Then I slammed into something that jarred my teeth and brought the jeep to a stop. I stuck my head up to see what it was.
It was an old Buick angled out into the street. The jeep had run into the side of the Buick and was jammed into it at a forty-five degree angle. A guy stuck his head up not five feet from me. His mouth was open wide and you could see he had a couple of gold front teeth.
While I sat there and wondered what this sonofabitch was going to do, he reached into the Buick and pulled out something that looked like a flare gun.
I didn't give him a chance to point it at me. I put a bullet into the bridge of his nose and gunned the jeep into reverse, pulled around the Buick going backwards, cleared it, shifted gear and headed forward around the corner back toward the city.
Someone got off a couple of shots at my back but they went wide and then I was clear.
I was shaking in a pretty bad way so I drove back slowly. There were no cars on the road. I stopped the jeep about what I figured was a half mile from the Camino Real and wiped my prints off the steering wheel and the doors and the MAC 10 as best I could and started to walk back to the hotel. It was a long walk. All the stars were out and it would've been a beautiful night except for the minor detail that at least two men were dead and I had no more information than when I landed here and the clock was ticking louder and louder for Roderick and his bad heart.

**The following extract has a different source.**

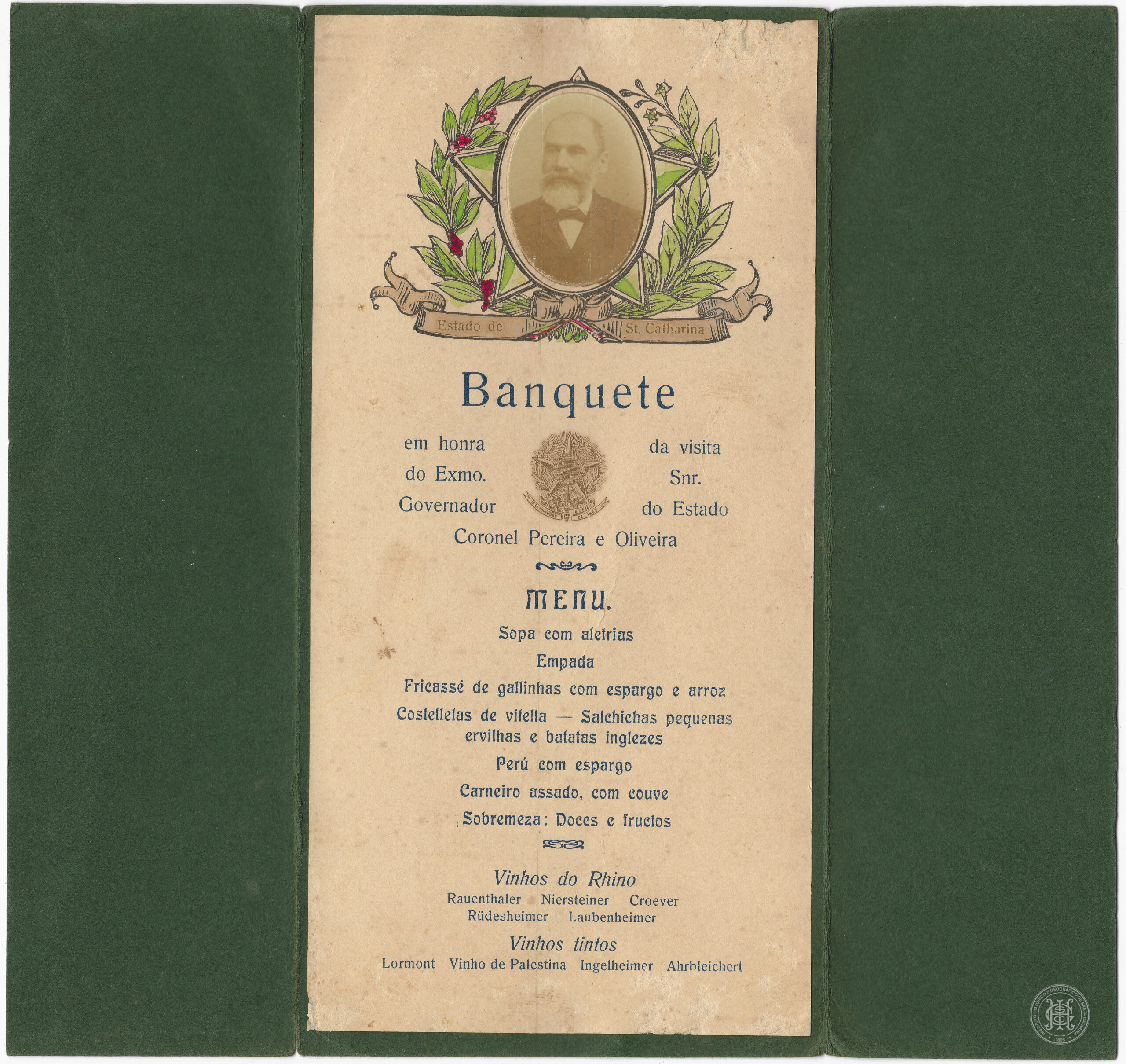 Este registro documental e iconográfico é composto por um cartão de convite e menu de banquete, estruturado em três faces, referente à visita do Governador Coronel Pereira e Oliveira a Blumenau, Santa Catarina, em 03 de junho de 1906. A primeira imagem apresenta a face interna do documento, sobre suporte de papel creme, contendo no topo um retrato oval de um homem de barba e trajes formais, inserido em uma moldura circular sobreposta a uma estrela de cinco pontas e ramos de folhagens verdes com pequenos frutos vermelhos. Abaixo do retrato, uma flâmula ostenta a inscrição "Estado de St. Catharina". O corpo do texto, impresso em azul, detalha o "Banquete em honra da visita do Exmo. Snr.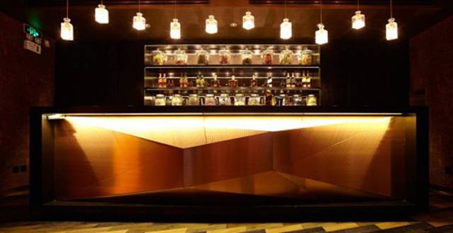 Recycled etched glass bottles create delicate hanging luminaries that reflect the liquor’s spirit brilliantly. Even the restrooms have the whiskey’s caramel shade and are outfitted with an antique basin and a relaxing Chinese peaks painting.

I went up to my room, climbed into the rack and slept until hell froze over. I didn't bother to shower.
CHAPTER X
Hoag's office was located in a neighborhood of large houses on a palm tree-lined street in a section of town called Escalon. There was nothing to indicate it was a business rather than a private home except maybe for the two cretins standing in front with automatic weapons slung over their shoulders. Then again, a lot of the private homes had guards standing around.
Luis dropped me off in front of the house and shut off his engine. I walked up the path to the gate and spoke to the nearest guard.
"I'm here to see Senor Hoag."
"What is your name?"
I told him.
"Yes, Senor," he said. "Wait for me one moment."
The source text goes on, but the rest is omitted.